An imaging technique called 3D multiple gradient echo Dixon-based MRI may be a highly reliable and more sensitive tool for evaluating muscle degeneration in people with Charcot-Marie-Tooth (CMT) disease, a study reports.
This technology enables the mapping and quantification of the proportion of fat within muscles and may have clinical value as an additional imaging tool to help track disease course and evaluate patients’ response to treatments.
The study, “Muscle fat quantification using magnetic resonance imaging: case–control study of Charcot–Marie–Tooth disease patients and volunteers,” was published in the Journal of Cachexia, Sarcopenia and Muscle.
In light of the increasing studies testing potential treatments for CMT and advances in knowledge on the genetic basis of CMT, “an objective and reliable tool for assessing the status of patients including the evaluation of treatment response would be necessary,” the researchers said.
But one common problem is that there is no standardized method to assess muscle degeneration and muscle fat infiltration. The scoring systems that are currently available are limited because of variability in their results, and muscle biopsies are inconvenient for regular use.

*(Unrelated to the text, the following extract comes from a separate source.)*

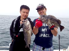 文彦さんは石川さんと同じくジャッカル・スルメデスです100gで良型クロソイキャッチ!ベイトが大きいためか、ボリュームのあるタイラバに好反応!

A possible alternative is magnetic resonance imaging (MRI), which allows clinicians to determine the degree and distribution of fat infiltration in the muscles, a common feature in CMT that is associated with muscle degeneration.
In this study, the researchers were interested in exploring the use of a particular type of MRI, known as the 3D multiple gradient echo Dixon‐based MRI, to quantify the amount of intramuscular fat in people with CMT.
Dixon MRI is an emerging technique for measuring the proportion of fat within tissues. It takes advantage of the fact that water and fat have different chemical shifts, which can be used to distinguish their contribution to the makeup of tissues.
Moreover, some studies have reported encouraging results using Dixon‐based MRI for fat quantification in skeletal muscle, including in the calf muscles of CMT patients.
The researchers compared Dixon‐based muscle scans between 18 adults with CMT and 18 healthy volunteers, matched by age and sex, scanning the upper and lower third of both thighs for each individual.
They chose to measure thigh instead of calf muscles because fat infiltration in the thigh is less prominent, and little is known about the relation between fat accumulation and the clinical status of patients.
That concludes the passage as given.